Summary
In Peters, the court found sufficiently pleaded allegations of fraud involving misrepresentations concerning a securities account.
Summary of this case from Modern Settings v. Prudential-Bache Sec.Opinion
No. 83 C 2414.
September 28, 1983.
Robert N. Hermes, Butler, Rubin, Newcomer Saltarelli, Chicago, Ill., for plaintiff.
N.A. Giambalvo and Martha L. Ashenhurst, Boodell, Sears, Surgue, Giambalvo Crowley, Chicago, Ill., for defendants.

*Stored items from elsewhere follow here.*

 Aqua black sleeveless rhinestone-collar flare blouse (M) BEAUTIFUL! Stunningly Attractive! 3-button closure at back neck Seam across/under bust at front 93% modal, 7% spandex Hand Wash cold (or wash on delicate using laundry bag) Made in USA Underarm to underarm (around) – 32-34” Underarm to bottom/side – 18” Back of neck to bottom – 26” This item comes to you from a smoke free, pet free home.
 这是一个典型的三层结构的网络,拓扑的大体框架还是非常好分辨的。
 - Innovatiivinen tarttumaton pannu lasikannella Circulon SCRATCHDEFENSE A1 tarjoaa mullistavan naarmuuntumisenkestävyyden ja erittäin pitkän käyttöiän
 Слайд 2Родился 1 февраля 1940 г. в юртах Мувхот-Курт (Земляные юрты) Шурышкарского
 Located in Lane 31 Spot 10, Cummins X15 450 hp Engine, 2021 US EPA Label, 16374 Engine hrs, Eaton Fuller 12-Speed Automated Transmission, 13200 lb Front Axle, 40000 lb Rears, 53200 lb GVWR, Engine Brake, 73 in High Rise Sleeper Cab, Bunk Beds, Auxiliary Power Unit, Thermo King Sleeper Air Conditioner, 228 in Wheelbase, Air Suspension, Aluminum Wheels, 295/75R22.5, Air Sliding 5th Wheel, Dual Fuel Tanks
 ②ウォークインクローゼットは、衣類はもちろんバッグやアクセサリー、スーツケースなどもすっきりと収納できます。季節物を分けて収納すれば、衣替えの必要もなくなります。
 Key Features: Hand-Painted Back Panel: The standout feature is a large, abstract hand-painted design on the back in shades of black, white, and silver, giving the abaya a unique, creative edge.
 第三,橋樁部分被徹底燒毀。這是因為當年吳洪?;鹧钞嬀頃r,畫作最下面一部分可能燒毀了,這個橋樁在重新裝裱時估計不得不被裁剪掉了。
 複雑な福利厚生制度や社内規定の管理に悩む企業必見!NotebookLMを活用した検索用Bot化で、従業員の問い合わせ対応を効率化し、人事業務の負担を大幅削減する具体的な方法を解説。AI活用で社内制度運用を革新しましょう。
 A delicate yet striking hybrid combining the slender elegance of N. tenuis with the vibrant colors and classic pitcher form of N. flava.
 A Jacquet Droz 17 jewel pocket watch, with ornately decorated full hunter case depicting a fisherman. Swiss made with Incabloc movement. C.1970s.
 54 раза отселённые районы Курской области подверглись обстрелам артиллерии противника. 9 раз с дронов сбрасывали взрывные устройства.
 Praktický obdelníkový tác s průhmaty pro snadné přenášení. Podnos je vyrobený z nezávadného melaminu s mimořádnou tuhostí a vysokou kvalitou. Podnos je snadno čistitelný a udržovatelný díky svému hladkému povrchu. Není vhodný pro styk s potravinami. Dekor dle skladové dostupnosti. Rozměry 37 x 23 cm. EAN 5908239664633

MEMORANDUM OPINION AND ORDER
Plaintiff Frank E. Peters, Jr. ("Peters") sued Prudential-Bache Securities, James Wayman and Russell Labrasca for securities fraud pursuant to § 10(b) of the Securities Exchange Act of 1934, 15 U.S.C. § 78j(b) and Rule 10b-5, 17 C.R.F. § 240.10b-5, § 7(c) of the 1934 Act, 15 U.S.C. § 78g (Counts I and IV), as well as for breach of the Illinois Securities Law of 1953, Ill.Rev.Stat. ch. 121 1/2 ¶ 137.12, breach of fiduciary duty and breach of contract (Counts II, III and V). Presently before the Court is defendants' motion to stay the present action pending arbitration. Defendants also challenge the legal sufficiency of the federal claims. For reasons set forth below, the motion to stay is granted in part and denied in part, and Count IV of the complaint is dismissed.
Defendants, although not formally moving to dismiss the federal claims, have argued for their dismissal in their brief in support of the motion to stay arbitration. For this reason, we are treating their motion as an alternative motion to dismiss.
Peters claims that he maintained a securities account at Bache and was allowed to trade on margin. Included in his portfolio were shares of a stock whose value was declining during early 1982. He had been advised as late as the morning of March 12, 1982, that his account was above the minimum required margin. On March 12, 1982, Peters received a margin call for approximately $21,000. On that same day, Labrasca informed Peters that the call was erroneous, but an office manager at Bache, Stephen Leightman, told Peters that the margin call was valid, and that his account had also sustained a margin call in January. According to Leightman, Wayman and Labrasca — brokers at Bache — had been misreading daily account balance reports for Peters' account.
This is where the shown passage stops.